Герман помогал жарить мясо Михасику. Друзья Беллы не являлись его друзьями, не всех он знал лично. У своих знакомых пленки с записями свадьбы он забрал, предстояло выпросить их у кинолюбителей со стороны жениха.
— Случайно не помнишь, кто снимал свадьбу? — спросил он. — Я собираю видеосъемки с отцом. Сам понимаешь, живая память о нем.

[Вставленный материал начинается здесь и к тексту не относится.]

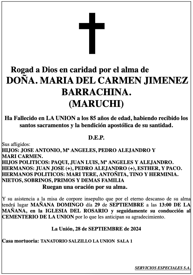 Sus afligidos hijos (José Antonio, María Ángeles, Pedro Alejandro y Maricarmen), hijos políticos (Paqui, Juan Luis, María Ángeles y Alejandro), hermanos (Juan José+, Pedro Alejandro+, Esther y Paco), hermanos políticos (Maritere, Antoñita, Tino y Herminia), nietos, sobrinos, primos y demás familia ruegan una oración por su alma y su asistencia a la misa de 'corpore insepulto' que por el eterno descanso de su alma tendrá lugar este domingo, 29 de septiembre, a las 13 horas, en la iglesia de Nuestra Señora del Rosario y, seguidamente, a su conducción al cementerio de La Unión, por lo que les anticipan su agradecimiento.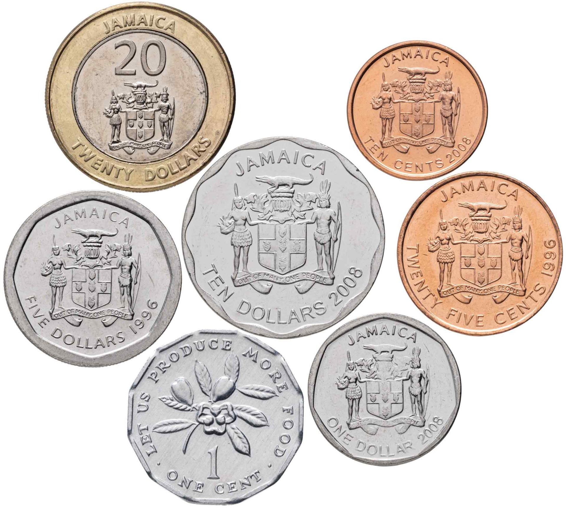 Номиналы 1, 10 и 25 центов; 1, 5, 10 и 20 долларов
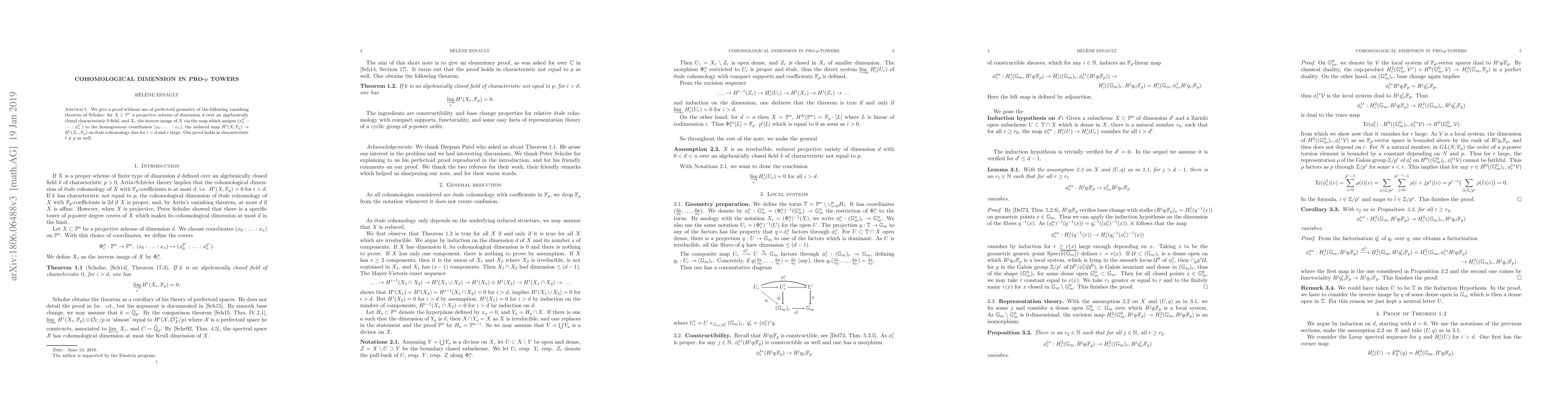 We give a proof without use of perfectoid geometry of Scholzes' vanishing theorem of \'etale cohomology with $\mathbb{F}_p$-coefficients beyond the dimension of projective varieties in a specific pro $p$-tower in characteristic not equal to $p$. Final version.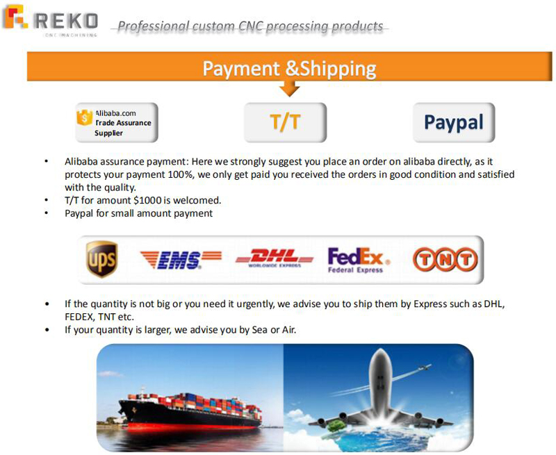 | surface treatment | sandblasting, polishing, anodizing, zinc/nickel/chromium/plating, Powder coating, passivation, heat treatment, etc. |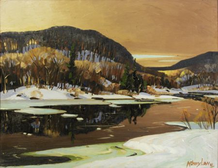 A RIVER WITH SNOW AND WOODED HILLS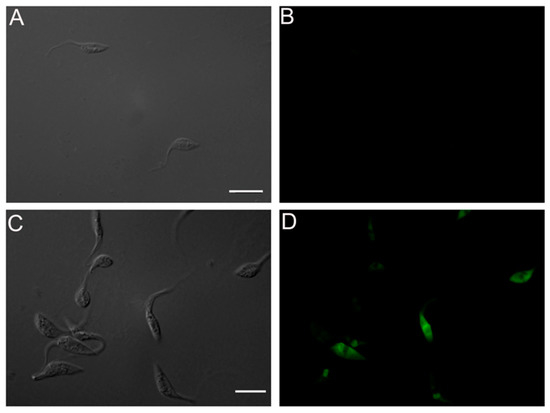Immunofluorescence microscopy of T. cruzi epimastigotes labelled with the Click-iT TUNEL assay. (A,B) correspond to untreated cells and (C,D) represent cells treated with compound 27 at 5 µM for 24 h. Note that 60% of treated cells are marked (D-green) indicating that the main type of death used by epimastigotes after treatment is the apoptotic process. Bars = 15 µm.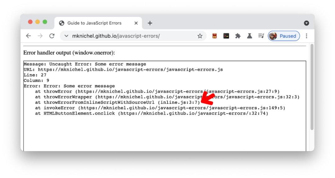 #sourceURL 行内脚本的错误堆栈信息DevTools 现在可以正确解析带有 #sourceURL 的行内脚本(inline scripts),并且还能针对调试这种情况,输出正确的错误堆栈信息

— Я снимал, — сказал Михасик, одновременно поливая мясо пивом, затягиваясь сигаретой и шмыгая носом. — Сам не смотрел, чего наваял, может, не получилось, я пьяный в муку был.

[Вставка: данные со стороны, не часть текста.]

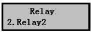 6)設置好繼電器1參數(shù)后點Mode鍵退回Relay繼電器設置菜單,按擊▼鍵選擇需要設置的其他繼電器:例如右圖,表示設置繼電器2。按擊OK鍵進入設置,方法同上。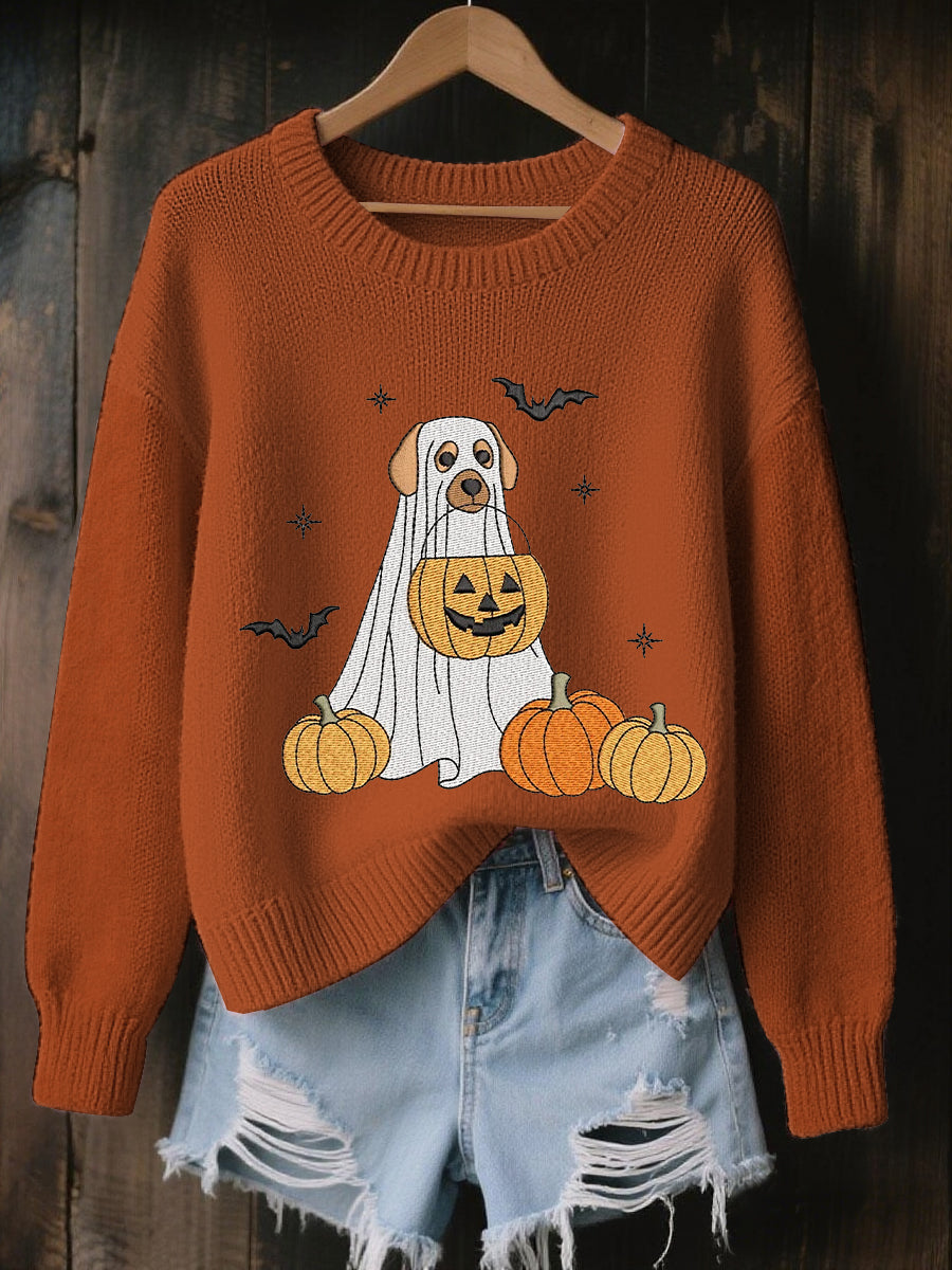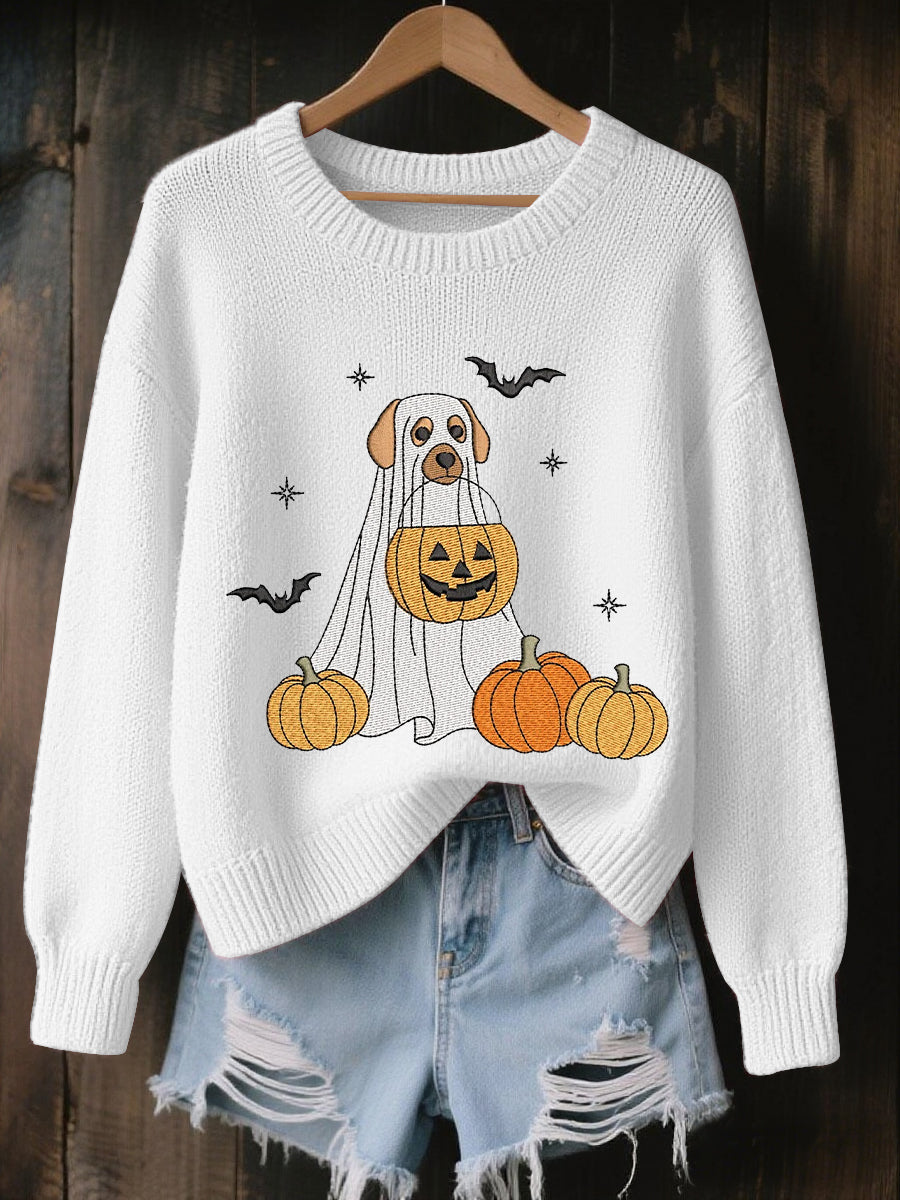 Women's Halloween Trick Or Treat Dog Ghost  Sweatshirt

— Не имеет значения, я выберу кадры. А еще кто снимал, помнишь?
— Не. Я и свадьбу-то не помню…
Глаза Германа переключились на Беллу и Марата, с ними прощался Андрей, который, кстати сказать, тоже с камерой бегал. Герман подумал, что надо бы Марата попросить, пусть возьмет пленку у Андрея, самому западло с ним даже рядом стоять.
Стемнело. По саду распространился запах дыма и жареного мяса, гомон голосов, Света настрадалась вволю, поднялась, чтобы выйти из душевой…

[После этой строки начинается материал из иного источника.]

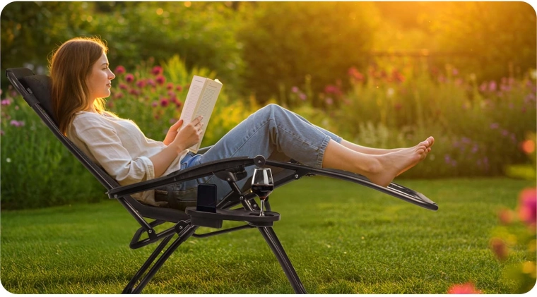 Den justerbare ryglænsvinkel lader dig løfte benene op i højde med hjertet, forbedre cirkulationen og reducere belastningen på rygsøjlen. Ideel til lang, behagelig hvile.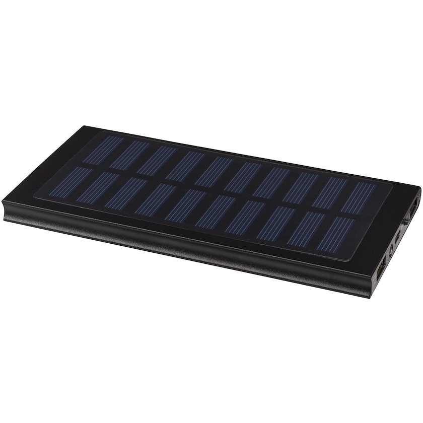Soldreven powerbank med indbygget LED-lampe. Powerbanken er forsynet med litiumpolymerbatteri og har et solpanel i krystal. LED-lampen tændes ved at man trykker to gange på strømafbryderen. Mikro-USB-kabel følger med.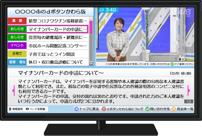 『dボタンかわら版』は、県内市町村の情報をテレビのデータ放送画面で見ることができるサービスです。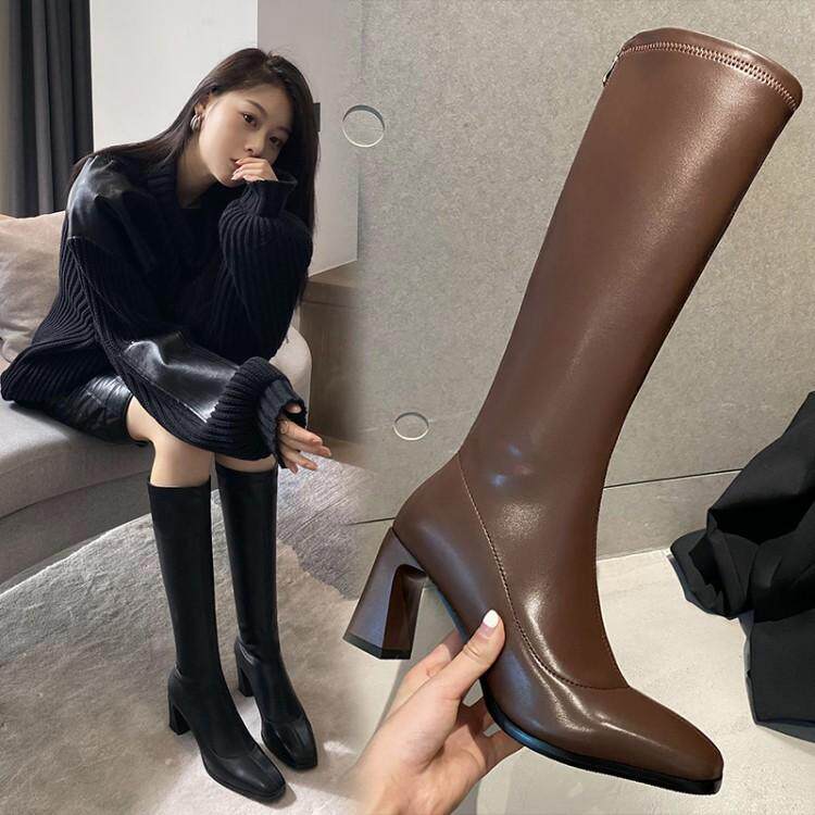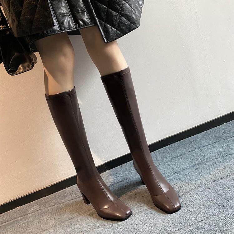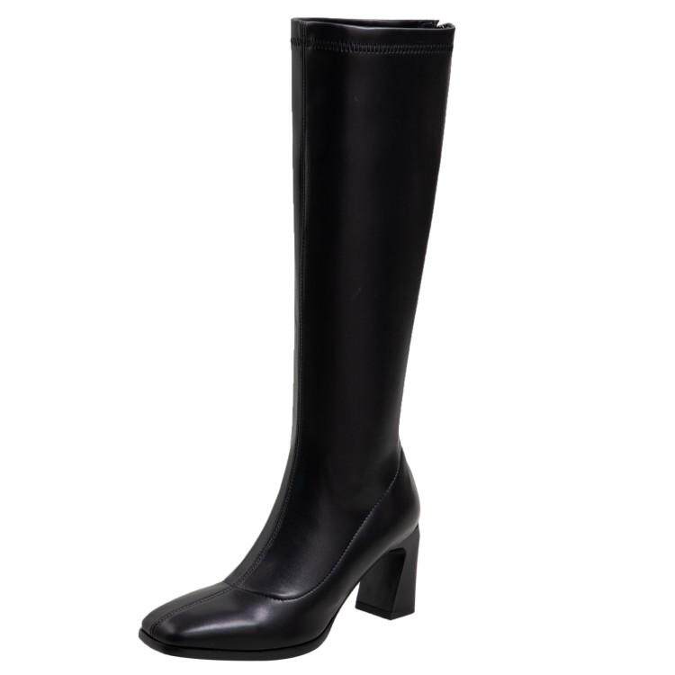 Рыцарские сапоги, женские высокие сапоги, сапоги не выше колена, прямые сапоги, длинные кожаные сапоги, женские сапоги, узкие сапоги для верховой езды, универсальные, новые и модные.

— …еще ребенок, с ней адски трудно.
Голос Марата. О ком это он? Света задержалась, взявшись за ручку деревянной двери.
— Терпение, дорогой, — наставляла Белла, уж ее голос ни с чьим не спутаешь. — Она нужна тебе? Вот и ищи подход. Мы, женщины, любим настойчивых и терпеливых. Так ты с ней даже не переспал? Ну и ну! Собственную жену не в состоянии соблазнить? — и расхохоталась.
У Светы загорелись огнем щеки и уши. С какой стати Марат рассказывает о ней… о них посторонним? Ужасно хотелось посмотреть, почему они замолчали, ведь не отходили от душевой. Послышался голос Беллы:
— Будет тебе, не дуйся. Ты обязан развлекать девочку, повези ее куда-нибудь…
— На Кипр! Железный Феликс подарил нам поездку, но я отложил.
— Чудесно. Кипр — это изумительно.
Голоса удалялись. Света выждала время, потом высунула голову и огляделась. Никого. Когда вернулась в дом, все уже рвали зубами мясо, нахваливая повара.
— Светильда, куда ты пропала? — встретил ее Марат, вставая.
— Гуляла, — буркнула она. Чуть позже вынудила его вернуться домой.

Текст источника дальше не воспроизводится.